Part 23 (2/2)
”There, on the little table--you'll find matches. Light--the lamp.”
Candelas stood motionless, near the door, afraid of stumbling over something. When Alicia had made a light, the two friends cast a rapid glance about the room. The only furniture was a writing-table, a bureau with a looking-gla.s.s on it, and, along the walls, half a dozen rush-bottomed chairs. The student was lying, fully dressed, on the bed.
Against the whiteness of the pillow, his crisp and very black hair lay motionless. He opened his eyes, a moment, and then, very slowly, closed them again. Over his beardless face, saddened by the pallor of his lips, wandered the ethereal, luminous whiteness of the last agony.
The two girls drew near him. Alicia called:
”Enrique! Enrique!”
He half-opened his eyes. His dark pupils fixed their gaze on Little Goldie, in a look of grat.i.tude. She repeated:
”Enrique! Can you hear me?”
”Yes.”
”They shot you, did they?”
”Yes.”
”You--committed that--robbery in the Calle Mayor?”
”Yes.”
Alicia looked exultingly at Candelas, as if asking her to take full cognizance of this exploit of hers. Her expression showed the same kind of pride that people sometimes manifest when they are exhibiting a work of art. She had just won a great triumph, because men dare such crimes only for women capable of inspiring mad love. Then the girl lowered her head again, to look more carefully at the student's clothing; and as she found it all stained with blood she felt a new attack of nausea. The contrast was too sharp between the hot, sickening air of that long-closed room and the life-giving breeze of the street.

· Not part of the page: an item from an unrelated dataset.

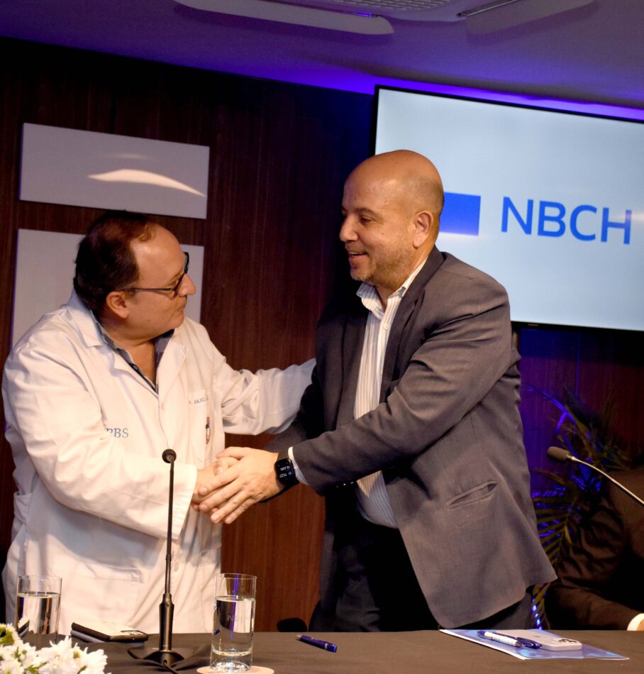 En conferencia de prensa, el Presidente de NBCH, Germán Dalhgren, y el Presidente de FUNCACORR, Guillermo Augusto Osnaghi, celebraron el acuerdo acompañados por la Gerente de Banca Individuos de NBCH, Daniela Romero, el secretario de la Fundación, Jorge Ernesto Leconte Vidal, y el Director Ejecutivo del Instituto de Cardiología, Julio Andres Vallejos.

”Shall I open the window?” asked she.
”No, no,” murmured Enrique. ”I'm very weak. The cold would kill me.”
Alicia, seated on the bed--that poor bed one night perfumed with violets by her body--silently looked at him. A broad-brimmed crimson hat, decked with a splendid white plume, shaded her pale face. Her green eyes shone wickedly in the livid, bluish circles under them. The free-and-easy grace of her manner, the childish shortness of her waist, the robust fullness of her hips and breast, and the uneasiness with which her impatient, dancing little feet tapped the floor as if they wanted to run away, strongly contrasted with the ugliness of the room--the bare, half-furnished room heavy with the odors of death.
Candelas seemed truly moved. But Alicia felt as if she were choking. The terrible nausea kept gaining on her. Now and then she raised her lace handkerchief to her pleasure-loving nose--her nose which all the afternoon had breathed the free, fresh air of the race-track. Her growing disgust overcame her distress. She could not weep. And after all, why should she? Just so she could get away from there quickly, little cared she whether Enrique lived a few hours more or less. In her abysmal ingrat.i.tude, Alicia Pardo wondered that women could love a man so much as to kiss his dead lips.
Suddenly, anxious to have it all over, she asked:
”But--how did they wound you?”
Enrique opened his eyes again, and then his lips.
”I'll tell you,” said he.
Despite the terrible bleeding he had suffered, some little strength still remained in him. This last, dying strength enabled him to speak.
”I stole for you, Alicia,” he gasped, ”because you told me, that evening you sent me away, I could see you again when I should bring you the necklace you wanted.”
Alicia exclaimed:
”I don't remember that!”
”Well, I do! You told me so. I remember it all.”